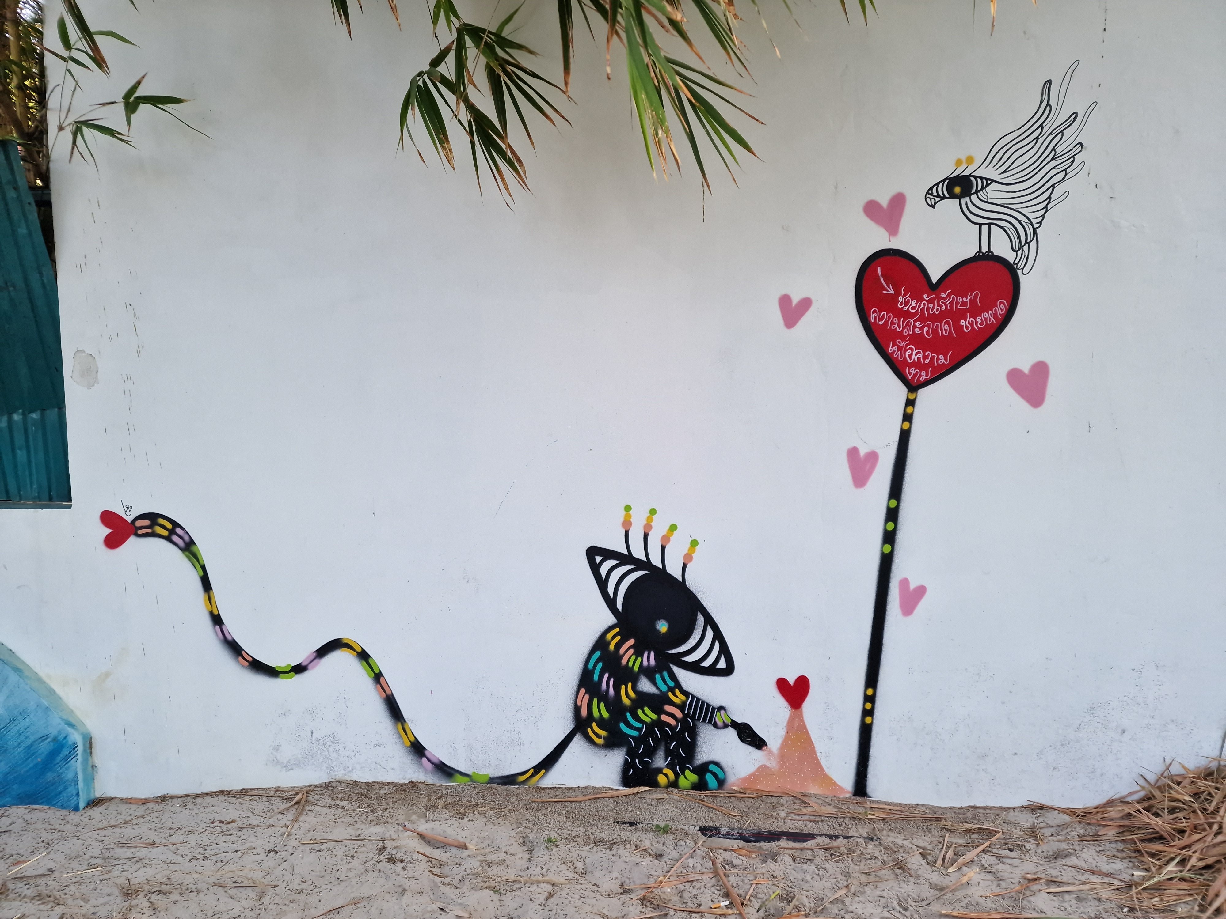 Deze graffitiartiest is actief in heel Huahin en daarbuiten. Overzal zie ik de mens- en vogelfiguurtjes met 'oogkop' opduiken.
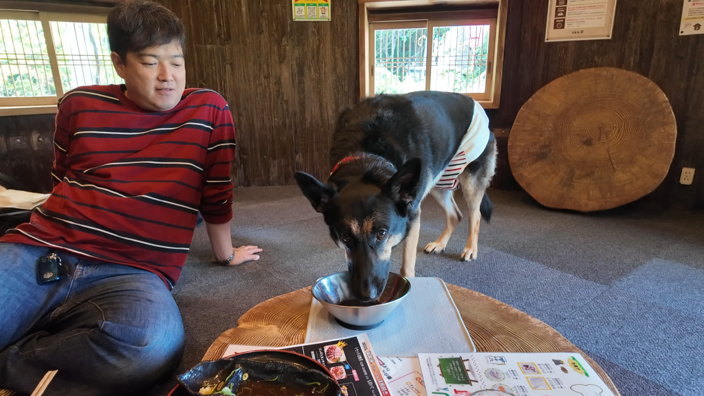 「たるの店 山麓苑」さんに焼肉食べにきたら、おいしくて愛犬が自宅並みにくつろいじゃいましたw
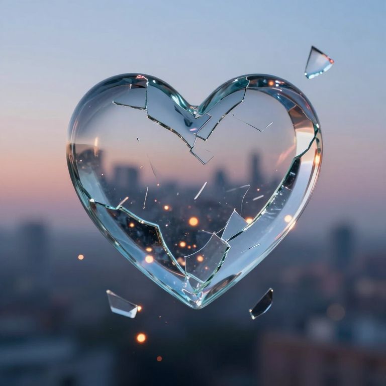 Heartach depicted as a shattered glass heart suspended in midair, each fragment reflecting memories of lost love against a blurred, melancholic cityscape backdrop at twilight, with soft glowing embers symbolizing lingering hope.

* Problem to solve:
The required output is every line of the data above, set down exactly and stripped of pictures.

* Worked solution:
 Deze graffitiartiest is actief in heel Huahin en daarbuiten. Overzal zie ik de mens- en vogelfiguurtjes met 'oogkop' opduiken.
 「たるの店 山麓苑」さんに焼肉食べにきたら、おいしくて愛犬が自宅並みにくつろいじゃいましたw
 Heartach depicted as a shattered glass heart suspended in midair, each fragment reflecting memories of lost love against a blurred, melancholic cityscape backdrop at twilight, with soft glowing embers symbolizing lingering hope.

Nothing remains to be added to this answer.